Extracted material below:

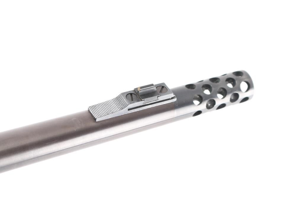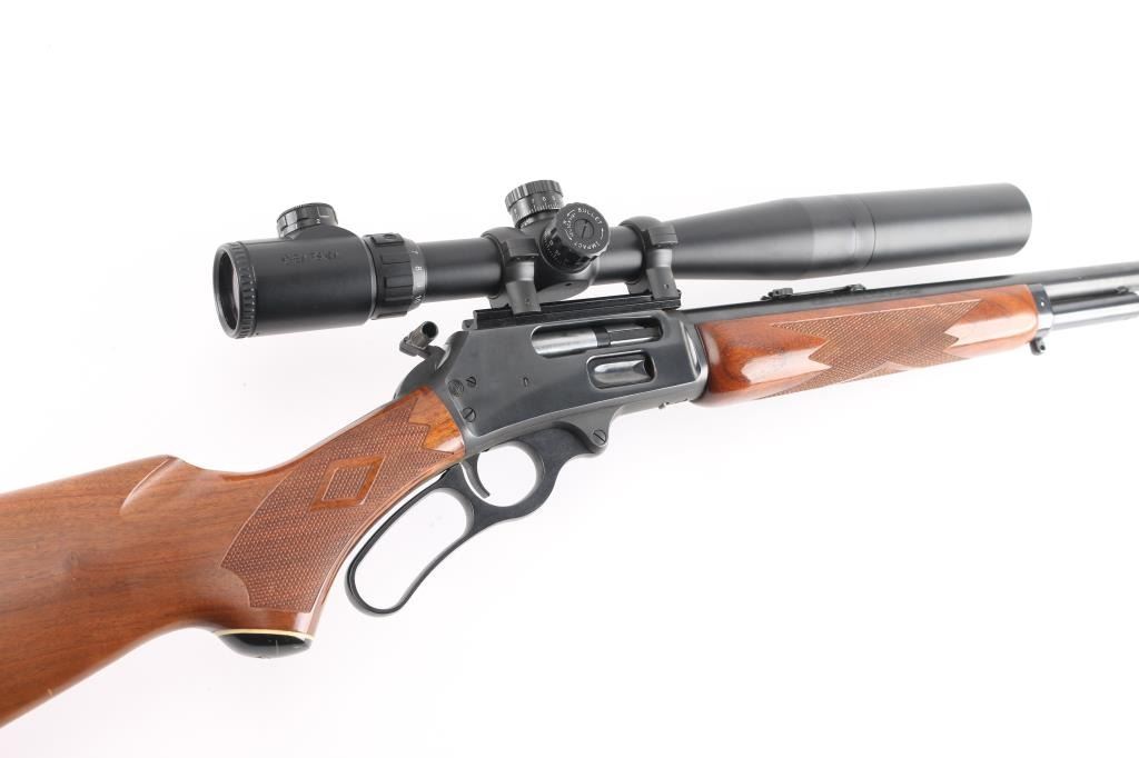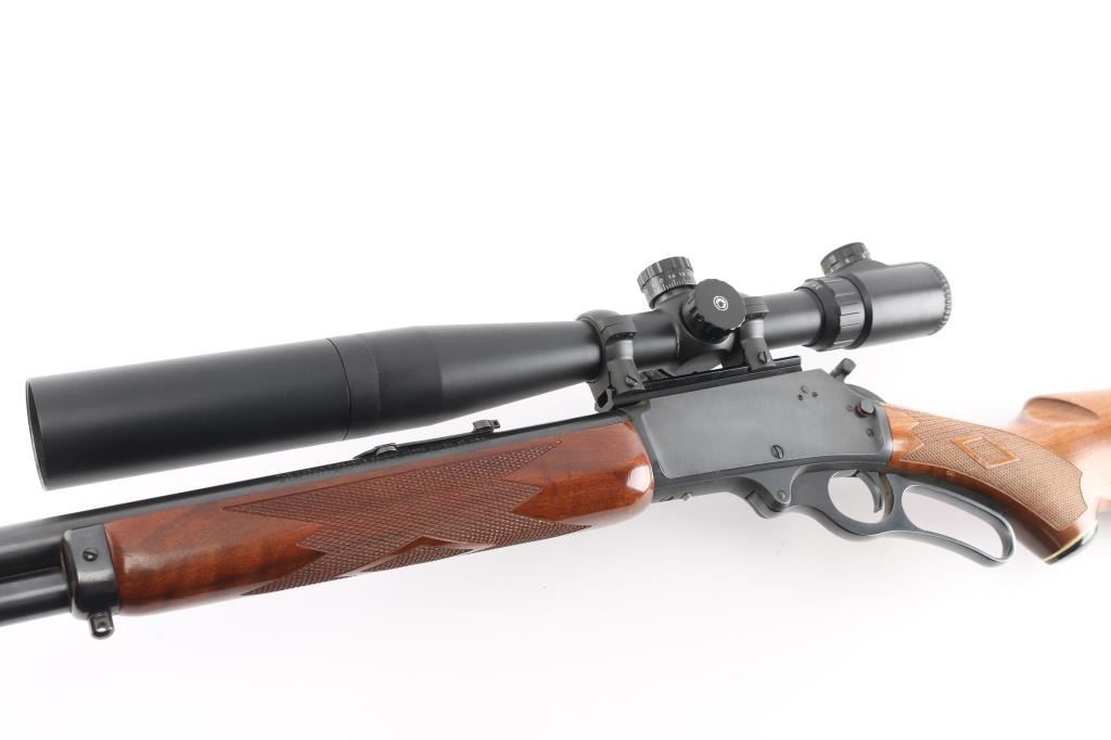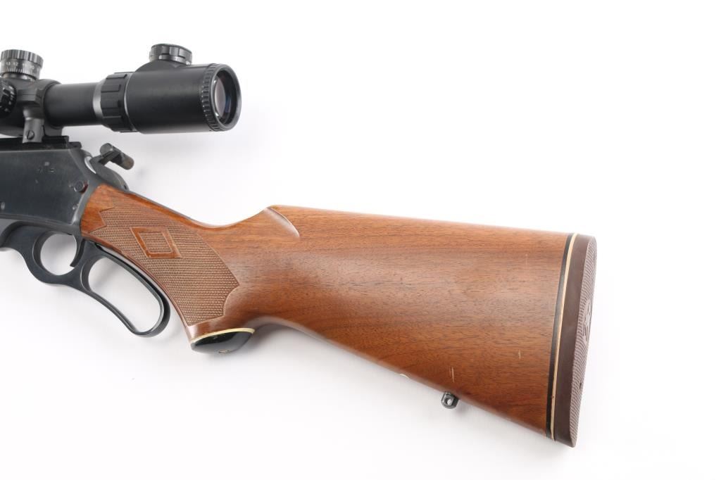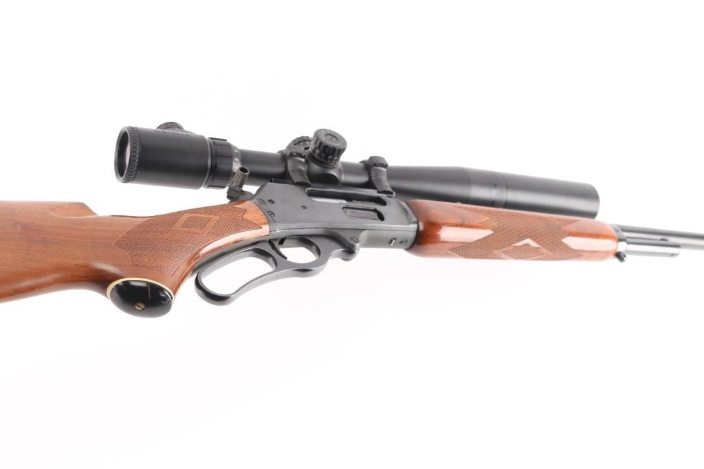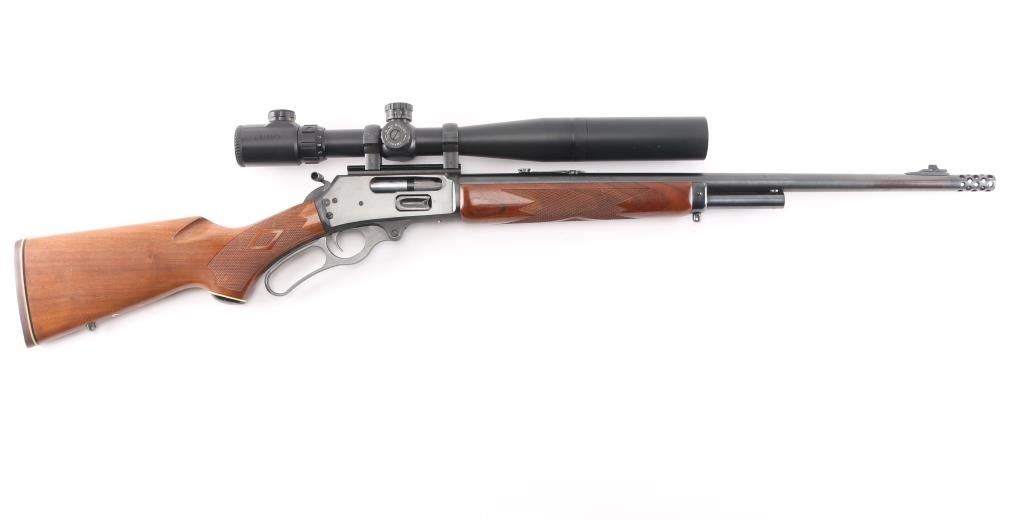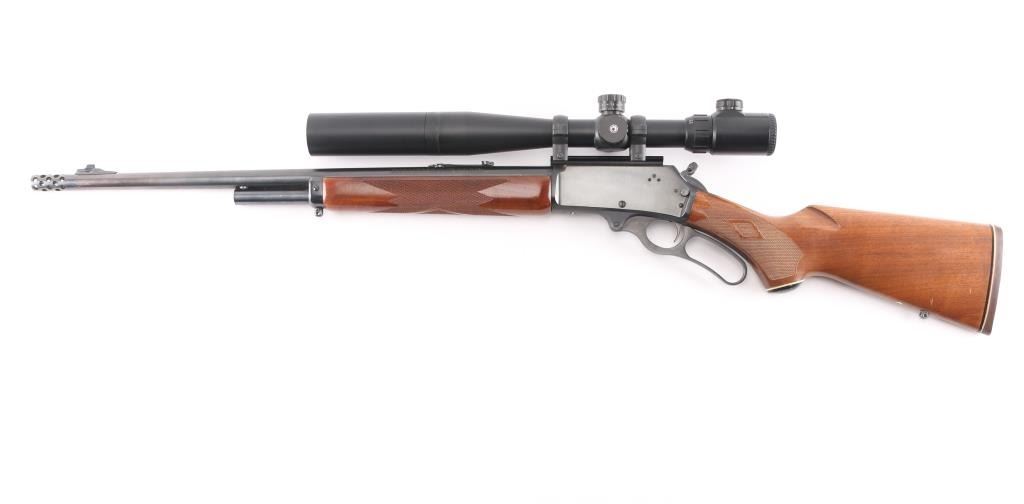 Lever action rifle manufactured circa 1996. Features blued finish, 23 5/8" barrel with muzzle brake, serrated ramp blade/beaded front sight, folding adjustable rear sporting sight, mounted Barska 3.5 X 10 Scope, 2/3 length magazine tube, pushbutton safety, sling swivel studs. Checkered walnut stocks with curved wrist, brown rubber Marlin butt pad, blued steel forend cap, black plastic grip cap, white spacers. Bore is pristine with strong rifling. Retains 98% blue with little to no handling marks. Wood is very good with small scratches on bottom of stock. Scope is clear.NRA condition is Excellent.*** Modern Firearm ***
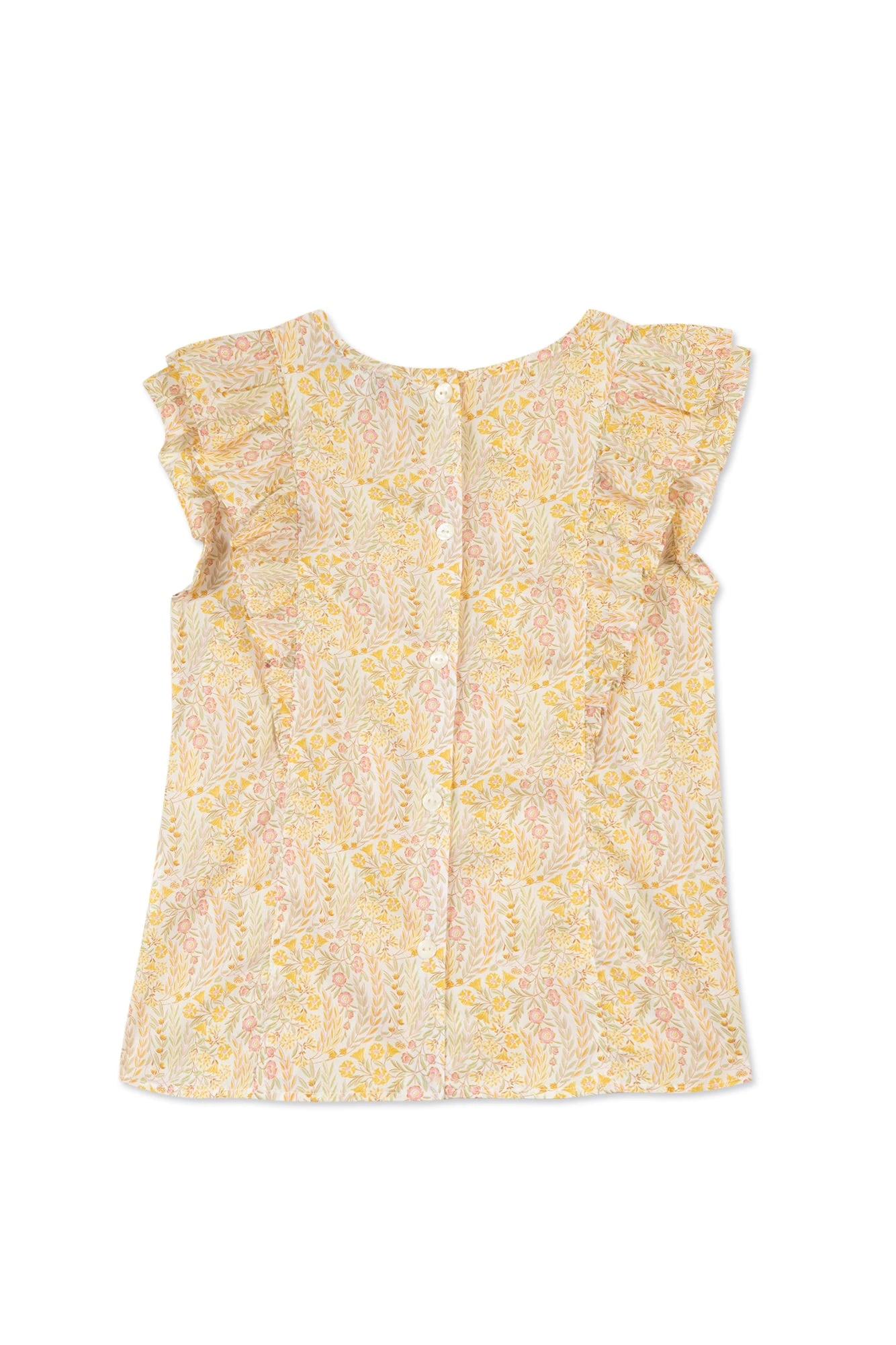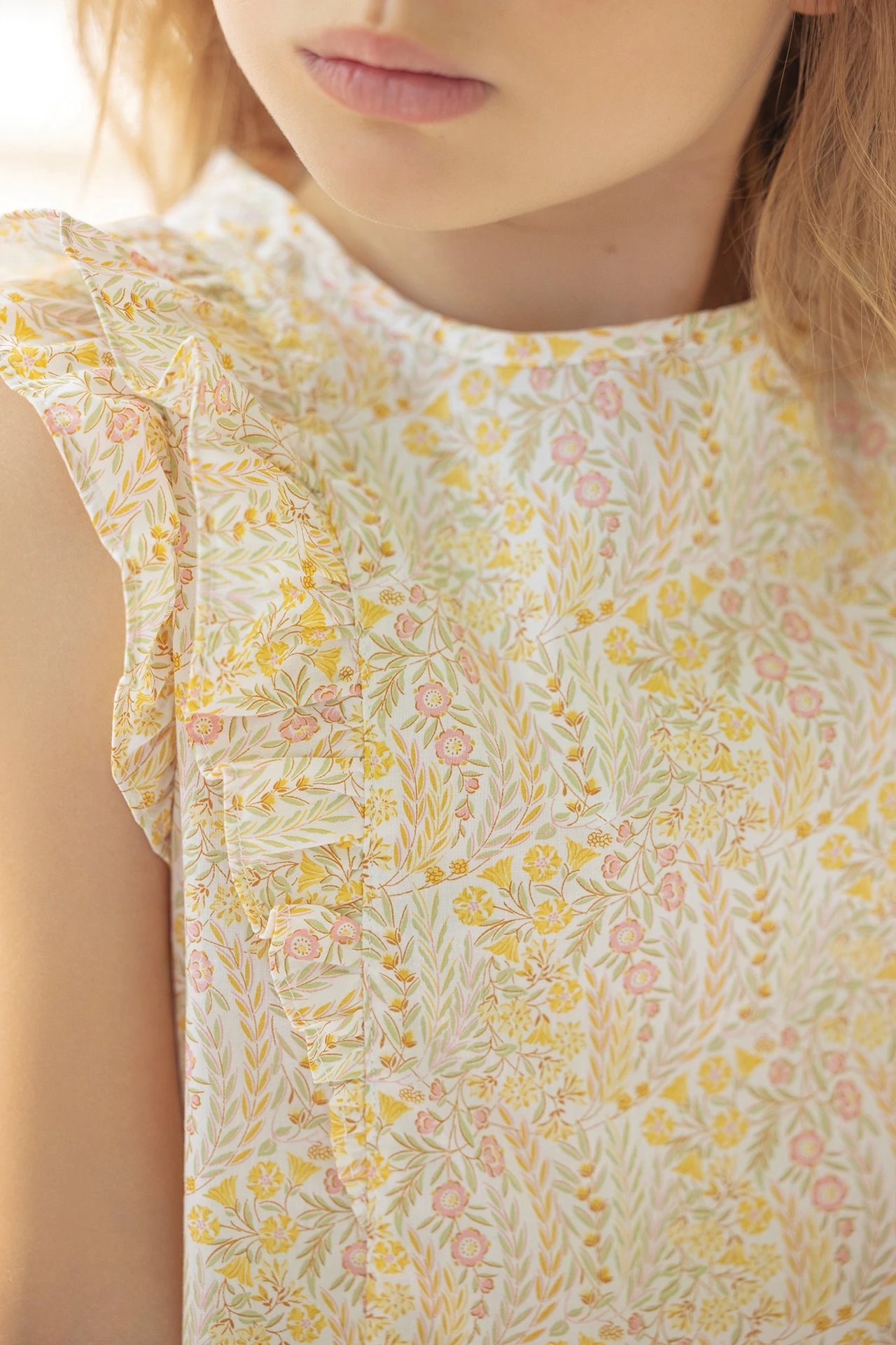 Synonyme de légèreté et de raffinement, cet adorable ensemble court jaune tissu liberty en coton habille les petites filles avec fraîcheur et modernité. On craque pour son joli col rond, ses détails volantés et la coupe sophistiquée du haut qui vient sublimer la tenue.
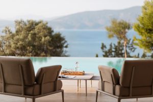 Villa Cuore, a stunning villa designed by the renowned architect Javier Barba, blends in with its natural ambiens, paying the ultimate respect to the environment and the outstanding views of Kilada Bay.
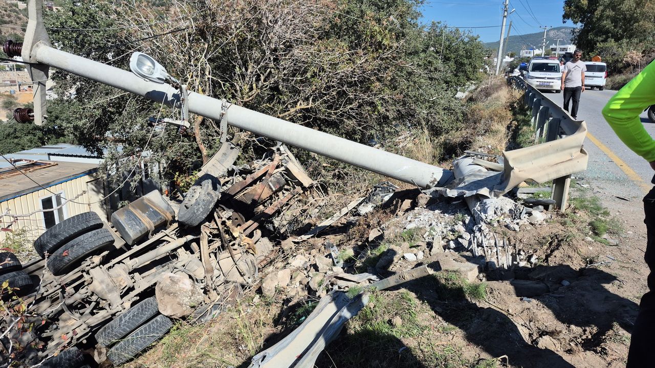 Yoldan çıkıp çelik bariyerlerle beton aydınlatma direğine çarpıp devirdikten sonra şarampole düştü. Sürücü kamyon içerisinde sıkıştı. İhbarın ardından olay yerine sağlık, polis, itfaiye, elektrik, zabıta ekipleri sevk edildi. Kamyonun ters dönmemesi için ekskavatörün kepçesiyle destek verildi. Kamyonunun olduğu bölgedeki ağaç dallarını kesen itfaiye ekipleri, sürücü R.Ş.'yi sıkıştığı yerden çıkardı.
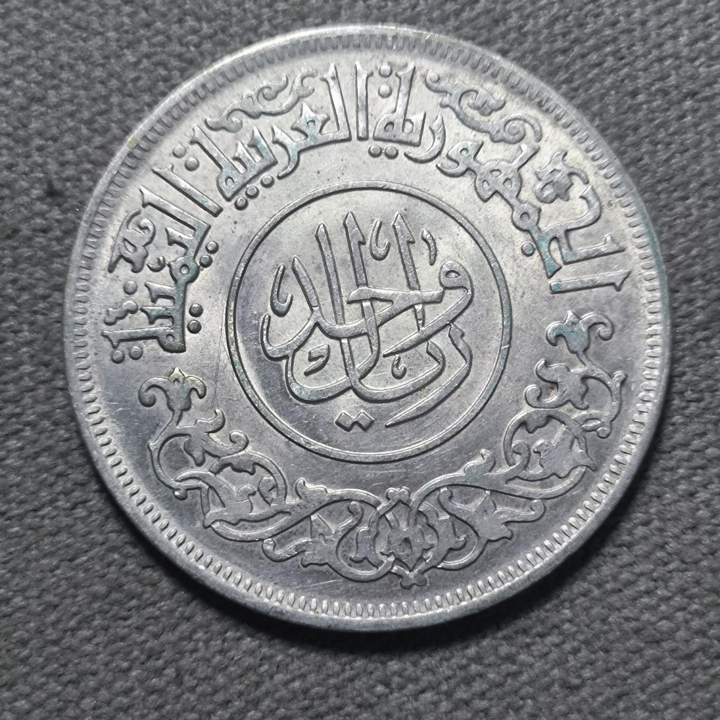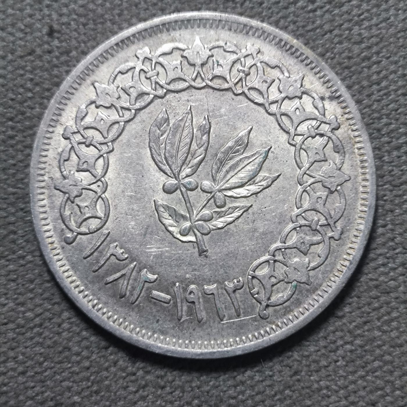 这是一枚1963年(伊斯兰历1382年)阿拉伯也门共和国1里亚尔银币,以下是详细介绍:
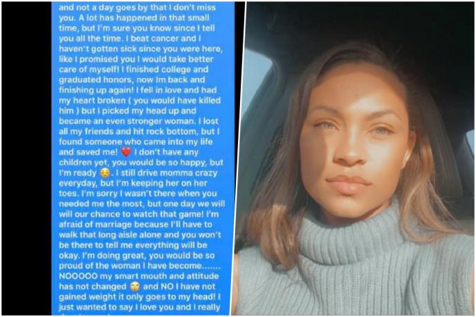 Njena duga poruka, postavljena na njenu Fejsbuk stranicu i podeljena više od 288.000 puta, uključivala je detalje o tome kako je pobedila rak i kako joj se stanje nije pogoršalo od njegove smrti. Takođe je pisala o tome da se zaljubila i da joj je srce slomljeno, pa se našalila i rekla - " Znam da i ga ti "ubio“.
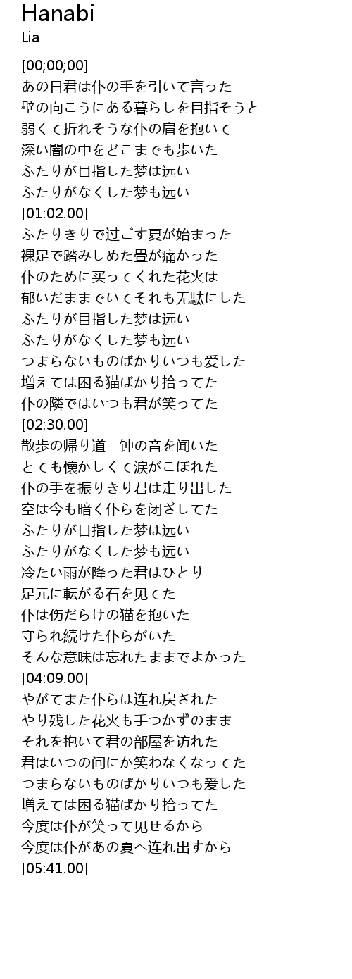 | [04:41.60] | やり残した花火も手つかずのまま |
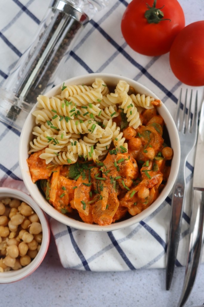 - Pendant ce temps, coupez votre poulet en cube et faites cuire des pâtes, ou du riz.
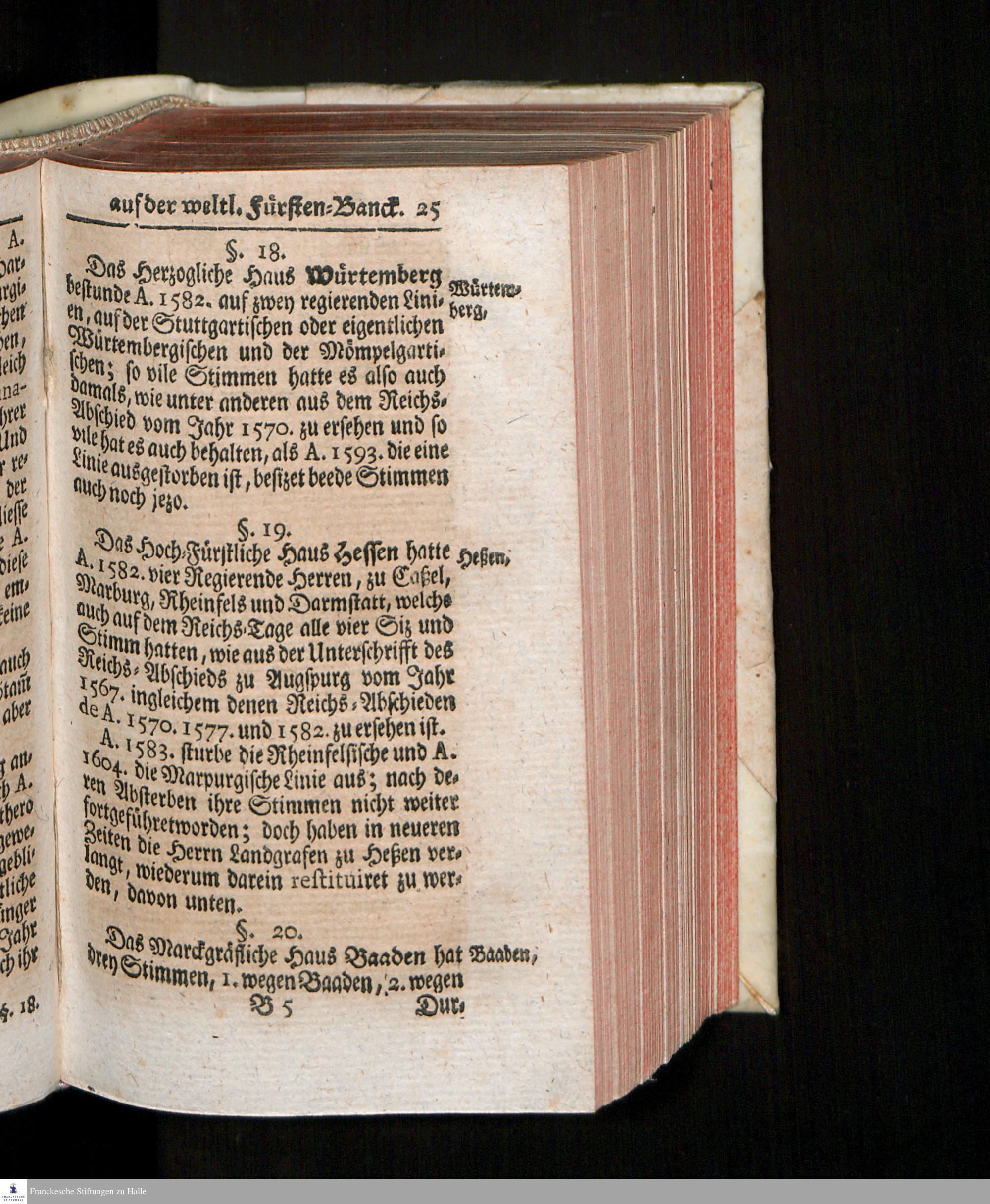 I. Der Ursprung und Grund derer jetzigen Stimmen auf des Teutschen Reichs-Fürsten-Raths weltlichen Banck.

End of Extracted material.

- Directions -
Set the lines down exactly as they stand, from the one containing "Njena duga poruka, postavljena" through the end of the listing, omitting every picture.

- Reply to the task -
 Njena duga poruka, postavljena na njenu Fejsbuk stranicu i podeljena više od 288.000 puta, uključivala je detalje o tome kako je pobedila rak i kako joj se stanje nije pogoršalo od njegove smrti. Takođe je pisala o tome da se zaljubila i da joj je srce slomljeno, pa se našalila i rekla - " Znam da i ga ti "ubio“.
 | [04:41.60] | やり残した花火も手つかずのまま |
 - Pendant ce temps, coupez votre poulet en cube et faites cuire des pâtes, ou du riz.
 I. Der Ursprung und Grund derer jetzigen Stimmen auf des Teutschen Reichs-Fürsten-Raths weltlichen Banck.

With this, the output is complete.